Well, as a newcomer myself, there's one thing that has intrigued me.

The website's strapline: "The lighter side of Steampunk". I've been googling, talking to people and trying to learn as much as possible, however, all I have found just concurs with my findings. I'm not saying that everyone are clones and everyone agrees on everything and that I've discovered there are a massive range of different flavours of Steampunk: RPGers, Cosplayers, lifestylers, makers, modders, part timers and periphary voyeurs and everything in between.

However, one thing I've not been able to determine is what, if anything is the "darker side of steampunk"?

It conjurs up some fantastic mental imagery for me: The mad scientists who have been exiled back to their faraway underground labs for their crimes against Steampunk... Who are these "people of whom we do not speak"; The splinter groups, the hideous Steampunk outcasts?

That's my "new" question , anyway. Yeah, probably not all that new, but didn't find anything in the search results. :oD
Upon immediately reading your post I said "YESSSSS YESSSSSS YESSSSSSSSSSS" Because this is a question i have not heard...plus Mr.

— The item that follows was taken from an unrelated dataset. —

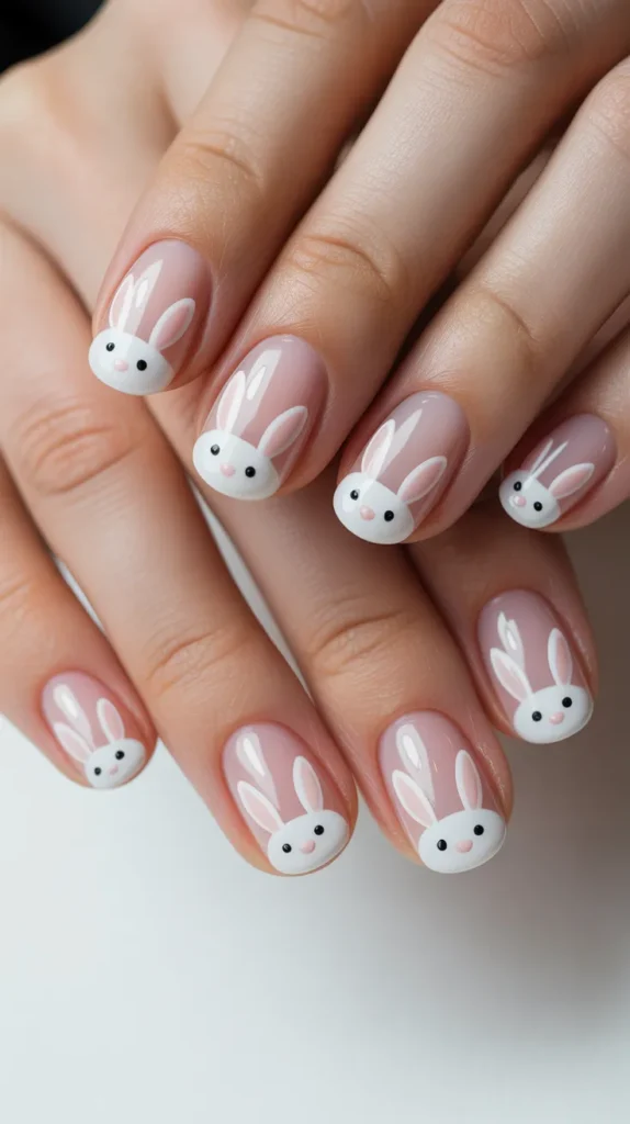 This twist on classic French tips adds bunny faces right at the tip of each nail. Start with a clear or nude base, then paint white tips shaped like bunny ears. Add tiny eyes and noses to complete the look. It’s playful but still neat and polished.

Boltneck made the genius starwars pun...


Then I pondered it and...the "darker side of steampunk" is anything that can spark heated debates...like:elitism, politics, religion, drawing the line between steampunk and "poser", what qualifies as steampunk etc...

There was a temporary forum made that was dedicated to all the questions that cant really be sdiscussed here...so...I THINK thats the "darker side" of steampunk. This is the lighter side because its great for newcommers and basically just any steampunk enthusiast of any age, sex,race, mechanical proficiency, or otherwise.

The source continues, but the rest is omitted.